Critically, the SEC's exemptive authority must be consistent with the purpose of the subsection.[20] The purpose was clear. In adopting these amendments, Congress wrote that the reporting threshold should be "at least $100,000,000 or such lesser amount (but in no case less than $10,000,000)". The $3.5 billion increase the SEC is proposing is entirely outside of those parameters and, therefore, it is inconsistent with the purpose of the subsection. Congress could have provided the Commission with authority, exemptive or otherwise, to raise the reporting threshold, but it elected not do so.

The Commission is Moving away from its Mission
Critically, the Proposed Amendments are part of a steady stream of rule proposals which, alone, represent regulatory missteps. However, when these proposals are viewed in conjunction with each other they represent questionable regulatory policy and demonstrate a departure from the SEC's mission to "protect investors, maintain fair, orderly, and efficient markets, and facilitate capital formation."

For example, on October 2, 2019, the SEC issued a proposed exemptive order that would municipal advisors to participate in the direct placement of municipal securities, without being registered as a broker or a dealer, under the Exchange Act.[21] Despite industry concern about the proposed exemptions, on June 16, 2020, the Commission issued a similar, temporary exemptive order that would remain in place until December 31, 2020.[22] The temporary exemptive order did address certain public concerns, but others remained unaddressed. For example, the temporary exemptive order still allows municipal advisors to receive transaction-based compensation without being registered with the Commission as a broker or a dealer.

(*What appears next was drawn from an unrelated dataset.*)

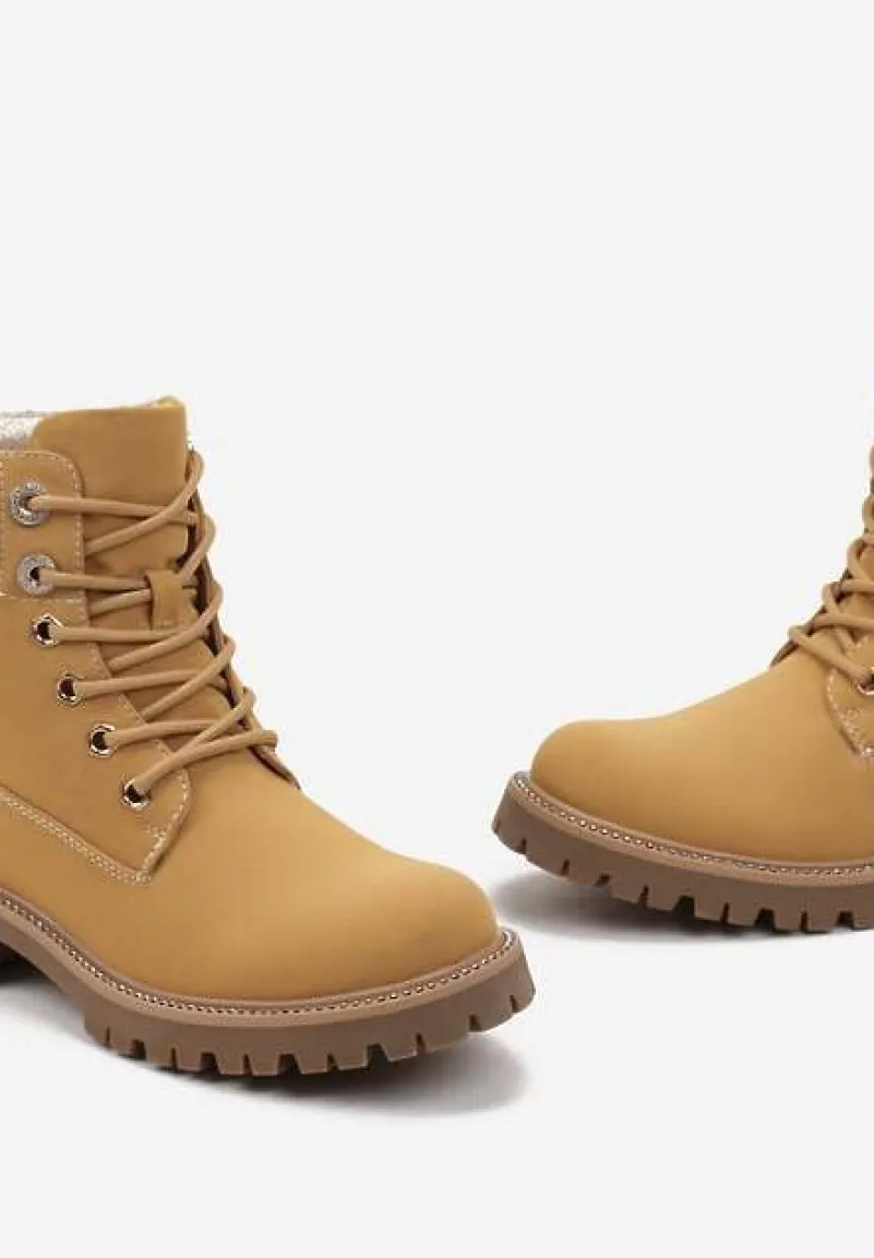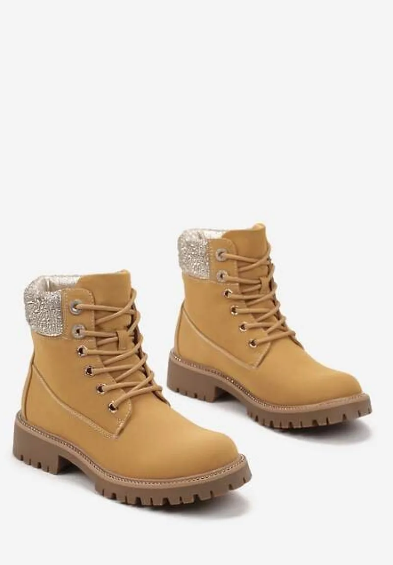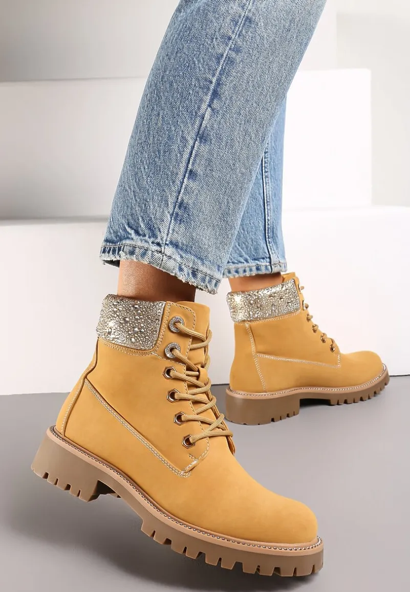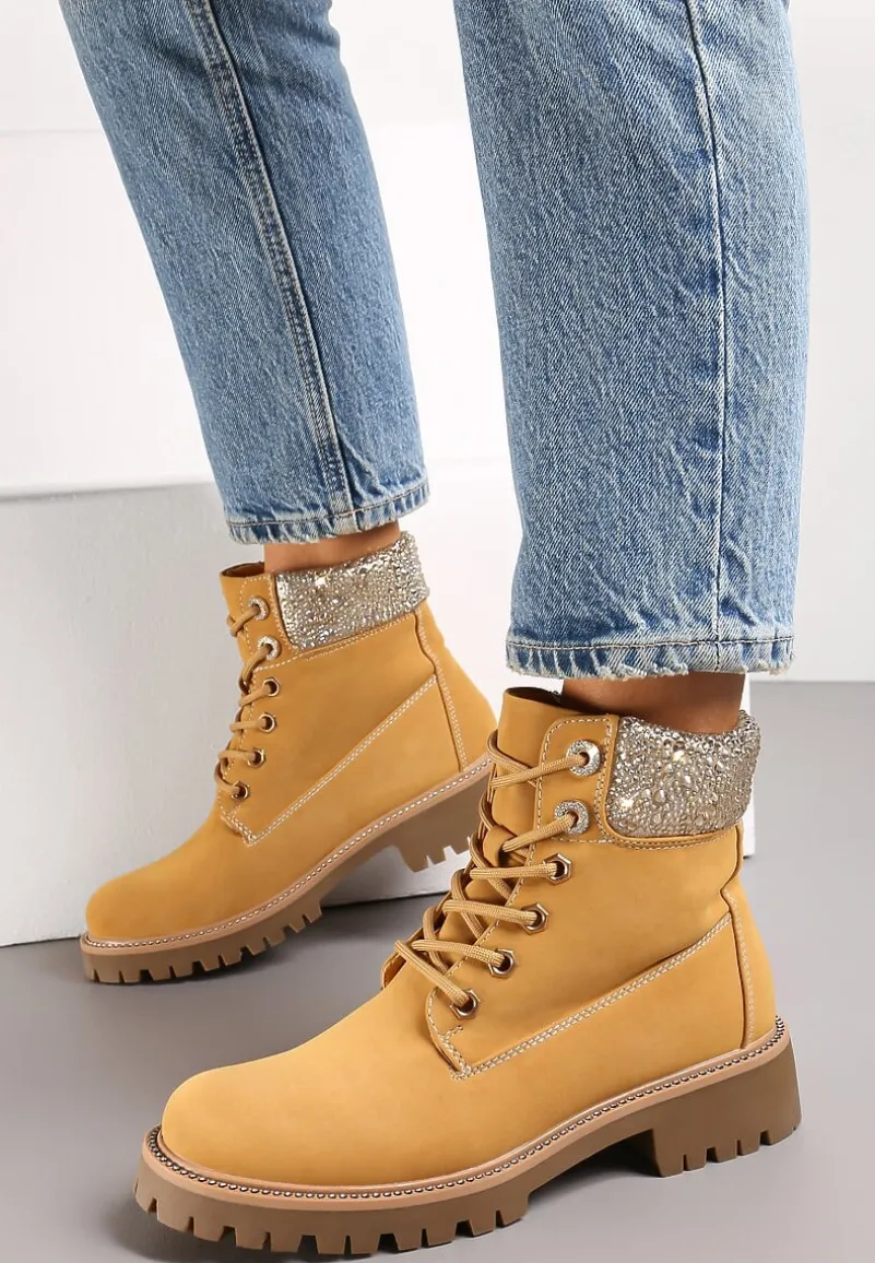 Sznurowane botki Flurella za kostkę. W środku lekko ocieplone kocem obuwniczym. Przy kostce zdobione cyrkoniami.

On July 22, 2020, the SEC adopted amendments to its proxy solicitation rules.[23] These amendments will increase issuer involvement in the proxy voting advice process and will mean that this advice will no longer be independent. Then, on September 23, 2020, the SEC adopted changes to the procedural requirements and resubmission thresholds under the shareholder proposals rule. [24] Those changes will make it nearly impossible for smaller investors, who are owners of a company, to repeatedly propose important changes, like public disclosure of a company's risk to climate change or the diversity of its board and management.[25] In fact, an analysis on proxy filings from 2006 to 2018 conducted by Principles for Responsible Investment found that under this new rule, 399 resubmitted shareholder proposals would fail to make the ballot, nearly half of which were environmental, social, and governance proposals.[26]

Conclusion
For all the reasons stated in this letter, again, I urge the Commission to rescind this proposal. Thank you and I look forward to continued, constructive engagement with the Commission on these, and other, issues.